■ Required action: Beginning with the line that contains "Clement Leonardo trained", retype the entries below exactly, ending with the line that contains "Over at the". Leave out any pictures.

■ Available data:
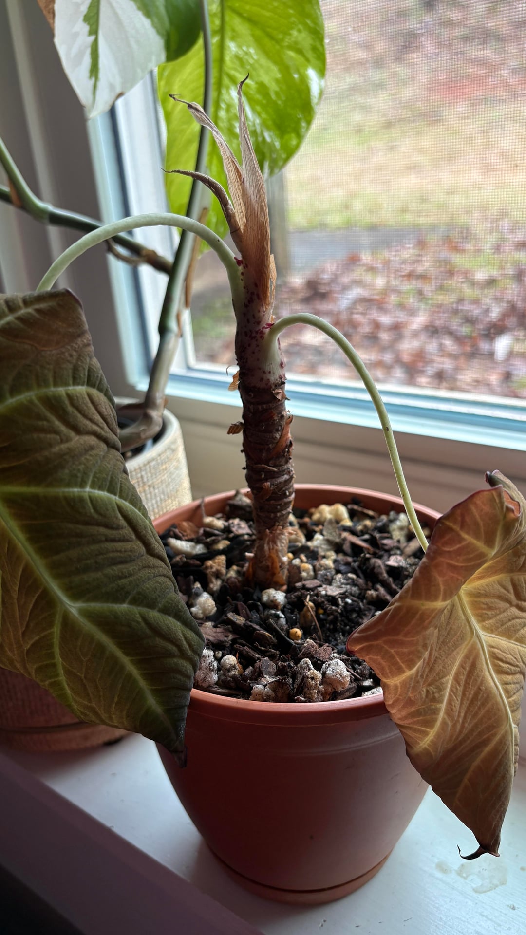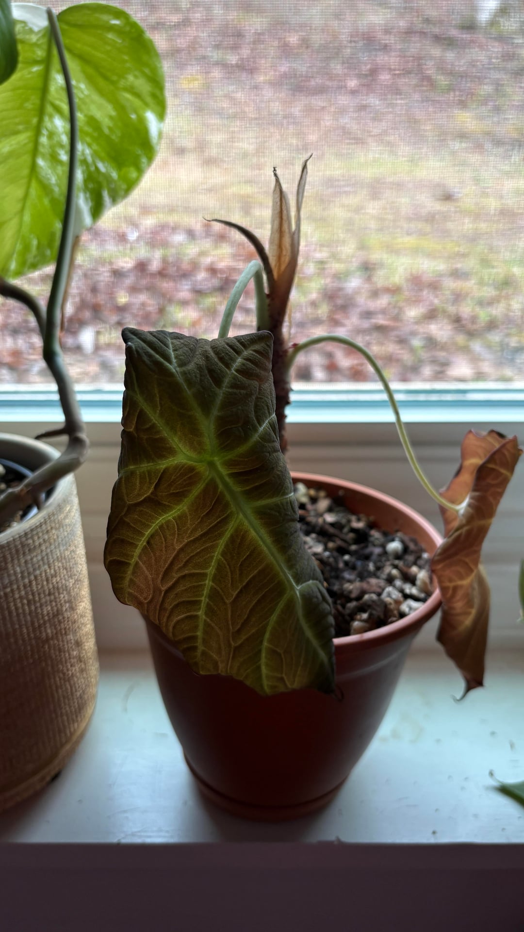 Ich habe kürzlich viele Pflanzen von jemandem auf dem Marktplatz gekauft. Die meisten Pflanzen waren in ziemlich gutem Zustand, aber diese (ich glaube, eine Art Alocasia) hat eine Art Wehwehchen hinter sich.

...

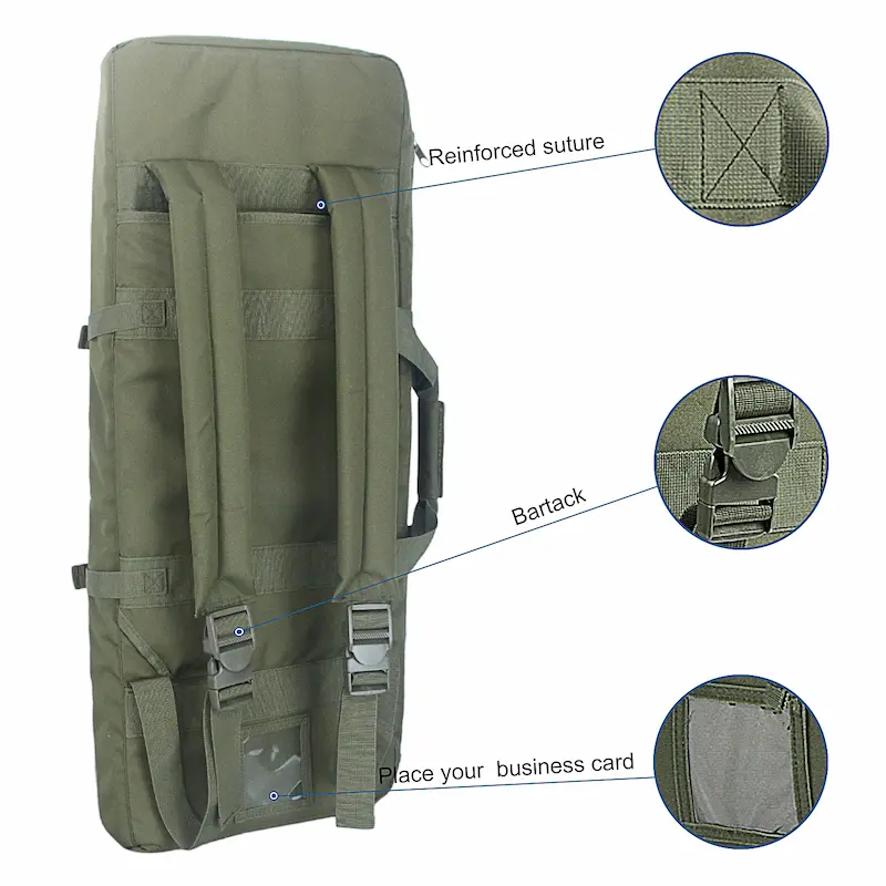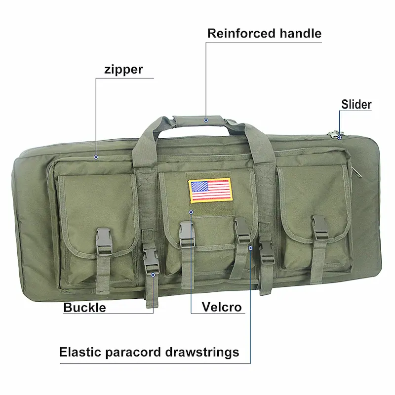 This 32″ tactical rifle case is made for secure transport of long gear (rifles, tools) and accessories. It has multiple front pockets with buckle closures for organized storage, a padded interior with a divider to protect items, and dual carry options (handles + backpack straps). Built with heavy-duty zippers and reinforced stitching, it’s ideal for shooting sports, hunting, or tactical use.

---

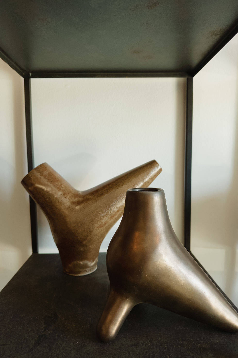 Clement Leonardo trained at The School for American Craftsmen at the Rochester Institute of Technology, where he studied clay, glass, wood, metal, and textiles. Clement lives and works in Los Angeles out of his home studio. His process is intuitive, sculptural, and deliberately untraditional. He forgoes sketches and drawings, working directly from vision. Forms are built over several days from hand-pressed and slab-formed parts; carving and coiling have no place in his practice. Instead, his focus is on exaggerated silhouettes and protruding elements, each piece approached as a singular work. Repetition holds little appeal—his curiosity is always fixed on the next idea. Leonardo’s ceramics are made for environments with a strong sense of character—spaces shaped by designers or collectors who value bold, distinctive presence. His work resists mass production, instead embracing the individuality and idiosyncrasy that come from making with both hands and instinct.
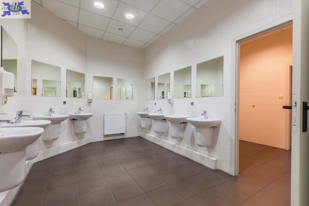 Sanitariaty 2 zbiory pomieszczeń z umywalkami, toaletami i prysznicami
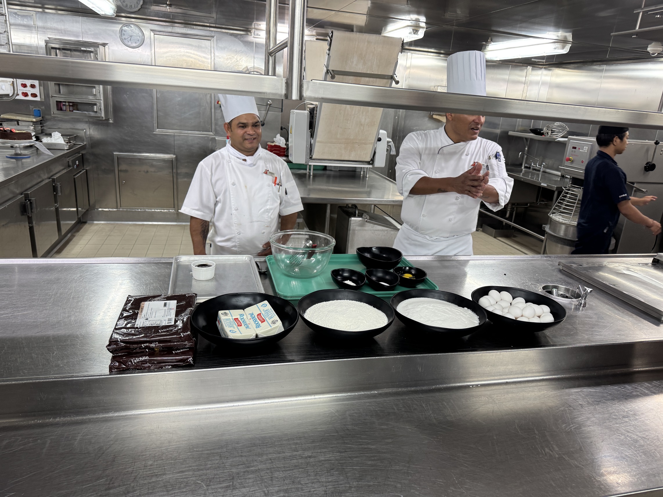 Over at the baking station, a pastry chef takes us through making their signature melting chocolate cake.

■ Answer to this exercise:
 Clement Leonardo trained at The School for American Craftsmen at the Rochester Institute of Technology, where he studied clay, glass, wood, metal, and textiles. Clement lives and works in Los Angeles out of his home studio. His process is intuitive, sculptural, and deliberately untraditional. He forgoes sketches and drawings, working directly from vision. Forms are built over several days from hand-pressed and slab-formed parts; carving and coiling have no place in his practice. Instead, his focus is on exaggerated silhouettes and protruding elements, each piece approached as a singular work. Repetition holds little appeal—his curiosity is always fixed on the next idea. Leonardo’s ceramics are made for environments with a strong sense of character—spaces shaped by designers or collectors who value bold, distinctive presence. His work resists mass production, instead embracing the individuality and idiosyncrasy that come from making with both hands and instinct.
 Sanitariaty 2 zbiory pomieszczeń z umywalkami, toaletami i prysznicami
 Over at the baking station, a pastry chef takes us through making their signature melting chocolate cake.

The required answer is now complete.